**Exercise**
Using the listing below, reproduce exactly the lines from the one with "Earth-conscious brands now" through the last, with all pictures left out.

**Provided material**
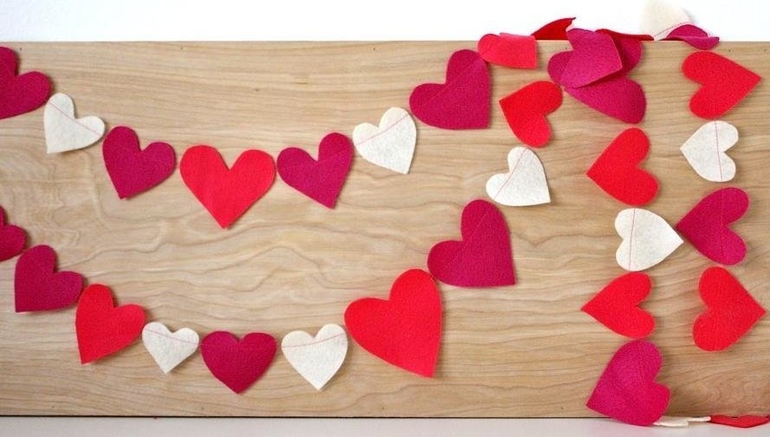 Дочь, придя из школы, заявила, что хочет сделать что-нибудь красивое в свою комнату ко "дню любви" (так она его называет). Времени у меня было совсем немного. Нужно и ужин успеть приготовить и прибраться немного, а время уже приближалось ко сну... Ну и недолго думая, я пошла рыться в своих закромах, где и нашла кучу обрезков разноцветного фетра (остался с тех времен, когда шила мягкую книжку младшему ребенку). Вот и решили мы сделать гирлянду из фетровых сердечек. По типу такой:
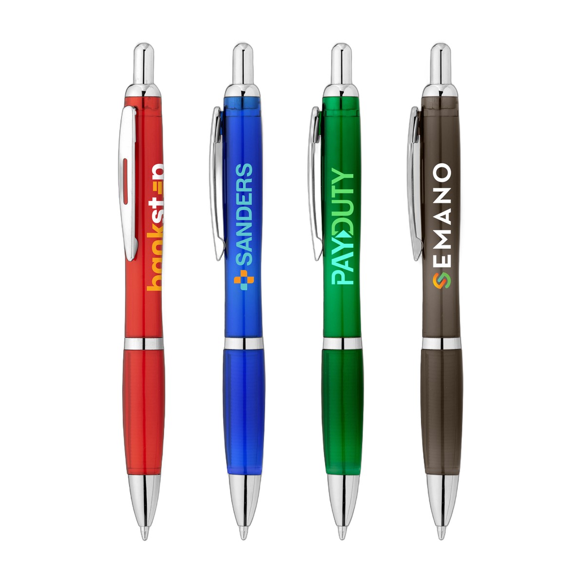 Earth-conscious brands now have the perfect writing instrument to highlight company logos and messages memorably. This click-action pen is a fresh take on an industry-favorite design, featuring a shiny classic colored curved barrel and modern chrome trim. This Sophisticate Pen is a great way to promote brands. . Complies with Prop 65. 5.51" W x 0.50" D
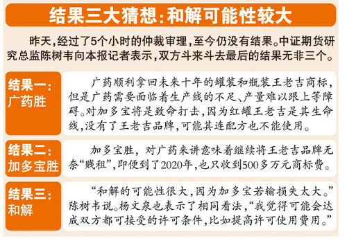 另外,广药此前一直对媒体表示,加多宝公司没有按照合同协定的内容正确使用王老吉商标。如果最后达成和解,双方重签合同,必然将加上明确的规范使用内容。

**Response to the task**
 Earth-conscious brands now have the perfect writing instrument to highlight company logos and messages memorably. This click-action pen is a fresh take on an industry-favorite design, featuring a shiny classic colored curved barrel and modern chrome trim. This Sophisticate Pen is a great way to promote brands. . Complies with Prop 65. 5.51" W x 0.50" D
 另外,广药此前一直对媒体表示,加多宝公司没有按照合同协定的内容正确使用王老吉商标。如果最后达成和解,双方重签合同,必然将加上明确的规范使用内容。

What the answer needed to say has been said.